Тогда сходство с командным пунктом каких-то неясных стратегических сил стало ещё более разительным.
Я слушал после казавшегося долгим перерыва их странную речь, состоявшую из одних согласных, и отгонял воспоминание о женщине, которая молится о смерти своих детей — быстрой и безболезненной.
«Это другие люди, — убеждал я себя. — Они другие, и у меня нет доказательств того, что они в чём-нибудь виноваты. Если поддаваться воспоминаниям, я буду выдавать прежнюю боль за действительную, и тогда придётся жить в придуманном мире. Тогда я буду свидетелем, подкупленным ненавистью».
Встретился я и со своими московскими одноклассниками. Теперь они были почти в полном сборе, появились и те люди, которых я не видел со времени окончания школы. Два года, которые я провёл вместе с ними, запомнились мне лучше, чем лица этих людей.
Один из них, толстяк, сидевший за соседней партой, попросился ко мне ночевать.
Он сидел на раскладушке в прокуренной комнате и спрашивал меня с тоской:
— Ну, а вот можно жить просто ради денег — ну вот воровать, например?
И было понятно, что воспринимает он меня как какое-то духовное начало, как строгого судью его особой жизни.
Одноклассник слушал меня и, узнавая мою жизнь, сокрушался:
— Такие люди — и не у дел…
Но я простился с ним. Несмотря ни на что, я любил этих людей, ну а кого мне было любить?
Осень кончалась, сухая и ясная осень, и с большим запозданием полили дожди.
А старик всё бормотал что-то у меня в коридоре.
Разговор, на который намекала моя исчезнувшая подчинённая, состоялся. Иткин вызвал меня к себе, и я в который раз уселся перед его огромным пустым столом.

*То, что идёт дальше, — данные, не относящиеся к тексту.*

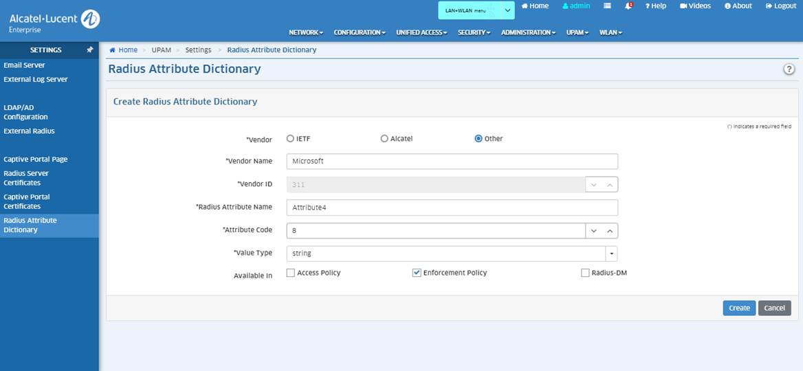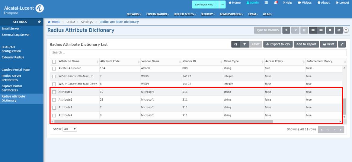 OmniVista 2500 v4.4R1 UPAM - Attribute für Microsoft NPS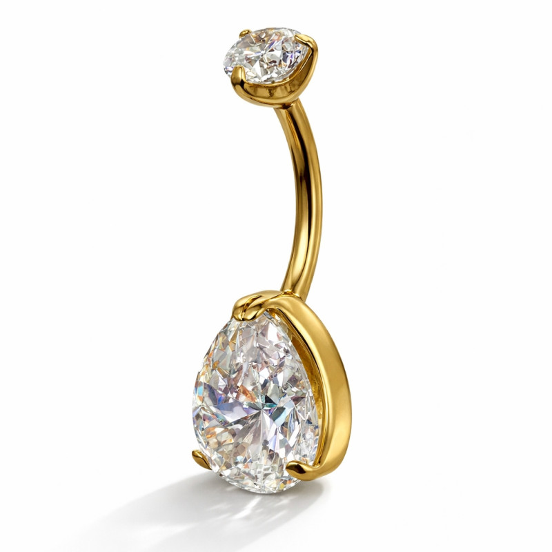 This elegant teardrop belly piercing is crafted from implant-grade ASTM F-136 titanium, making it lightweight, durable, and safe for sensitive skin. The design features a sparkling teardrop-shaped stone that adds a refined, elegant look while sitting comfortably on the body.

— Вы прилично водите машину? — спросил Иткин.
— Да как вам сказать… — ответил я. — Знаете, есть такой старый анекдот: несколько людей разных национальностей спорят о преимуществах своих автомобилей. Американец хвалит «Форд», японец — «Тойоту», француз — «Ситроен». Наконец наседают на молчащего русского. Русский мнётся и отвечает:
— По Москве я перемещаюсь на лучшем в мире транспорте — московском метро, а за границу обычно езжу на танках.
Иткин не улыбнулся.
— Вы угадали. Только на танках мы туда не доехали.
Он объяснил мне, куда не доехали наши танки. Это была та часть немецкой земли, где всё ещё стояли другие танки — американские.
Итак, надо было уезжать, снова ехать в ту страну, в которой я родился. Двигаться в направлении того квадрата топографической карты, что выцветал на моей стене.
Видно, я слишком много курил в ту ночь, ночь после разговора с Иткиным, — и всё на пустой желудок.
Много вокруг меня стало независимых государств. Заграница приближалась к моему дому с каждым годом, и мои нефтяные поездки давно стали загранкомандировками.